MEDICAL MALPRACTICE COMMITTEE

The Ohio Supreme Court has issued two decisions over the last 30 days that will have a substantial effect on how attorneys should handle medical claims (and potentially other tort claims).

The first is Clawson v. Heights Chiropractic, Slip Opinion No. 2022-Ohio-4154, which held that if a physician cannot be held directly liable for malpractice, then a lawsuit seeking to hold the physician’s employer vicariously liable must be dismissed. This case involved a claim against a chiropractor who allegedly applied excessive pressure to her back, which resulted in the rupture of her left breast implant. The patient brought a lawsuit against the chiropractor and his employer, but failed to timely serve the chiropractor within the one year required by Ohio law. The chiropractor filed a motion to dismiss on the basis of service of process, which was granted by the trial court. The chiropractor’s employer then moved for summary judgment, arguing it could not be held vicariously liable if direct liability claims against the chiropractor had been extinguished, which was also granted by the trial court. The patient appealed to the Second District Court of Appeals, which affirmed the trial court’s decision to dismiss the chiropractor, but reversed the trial court’s decision granting summary judgment for his employer, finding the patient could still pursue her claims against the employer for the chiropractor’s alleged negligence, even then the direct claims against the chiropractor were properly dismissed. The employer then appealed the Second District’s decision to the Ohio Supreme Court, arguing that its prior holding in Natl. Union Fire Ins. Co. of Pittsburgh, PA v. Wuerth, 122 Ohio St.3d 594 (which held that a law firm cannot be vicariously liable for the negligence of its attorneys if the attorney is not determined to be liable or otherwise named as a defendant within the applicable statute of limitations) should be extended to medical claims. The Ohio Supreme Court agreed with this argument and held that Wuerth precludes a vicarious liability claim for medical malpractice against a physician’s employer when a direct claim against the physician is time-barred.

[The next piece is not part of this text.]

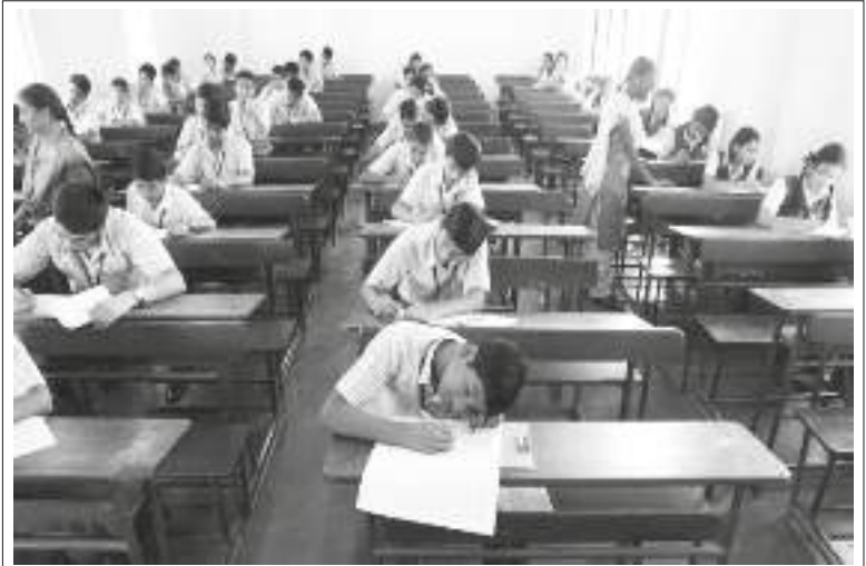
ప్రైవేట్ స్కూల్ క్లాస్ రూమ్

“బదులుగా ప్రజలలో బాగా ప్రచారంలో ఉన్న, అధికారులకు సౌలభ్యంగా ఉండే “ఉపాధ్యాయులు బోధన చేయరు”, “విద్యార్థులు మనసు కేంద్రీకరించి పాఠాలు వినరు” లాంటి ప్రశ్నలు సంధించబడతాయి. అంతేకాక త్వరలో జరగబోయే పరీక్షల భయం చేత పరీక్షలలో ఫెయిల్ కావడం అనే సామాజిక కళంకం తలపై కత్తిలా వేలాడు తుంటేనే కేంద్రీ కరిస్తారని భావిస్తున్నారు.”

Here’s the problem: while the Supreme Court characterizes its decision as being “consistent with basic principles of agency law,” Justice Brunner’s dissenting opinion sets forth the fallacy in that reasoning. Longstanding Ohio agency law had previously held a tort victim could file a lawsuit “against either the master or the servant, or against both.” See Losito v. Kruse, 136 Ohio St. 183, 187-188 (1940). Now, at least in medical claims and legal malpractice claims, a tort victim must sue both he negligent attorney/physician/employee, as well as the hospital/law firm/employer. And while it is has yet to be explicitly expanded beyond these two types of tort claims, if the Ohio Supreme Court believes “basic agency law” to mean an individual employee must be a named defendant in order to hold his or her employer vicariously responsible, Ohio practitioners could soon be tasked with identifying negligent employees within the applicable statute of limitations and naming them as defendants, or risk committing legal malpractice.

The second case is Walling v. Brenya, Slip Opinion No. 2022-Ohio-4265. This case held that a negligent credentialing claim cannot proceed unless there is either a simultaneous or prior adjudication of or stipulation that a doctor committed medical malpractice. In Walling, the family of a patient brought a wrongful death/medical negligence claim against the physician, as well as a negligent credentialing claim against the hospital. The family and the physician later reached a settlement related to the wrongful death claim and medical malpractice claim, which was devoid of any admission of liability by the physician. The hospital subsequently moved for summary judgment on the negligent credentialing claim arguing that without any adjudication or stipulation that the physician was negligent, the family could not maintain its negligent credentialing claim. The trial court granted the hospital’s motion, and that decision was ultimately affirmed by both the Sixth District Court of Appeals and the Ohio Supreme Court. While this case does not change how negligent credentialing cases are likely to be handled by practitioners in Ohio, it does confirm what many had already assumed by reading between the lines of prior decision: that malpractice by a physician must affirmatively be established in order to proceed with a negligent credentialing claim in Ohio.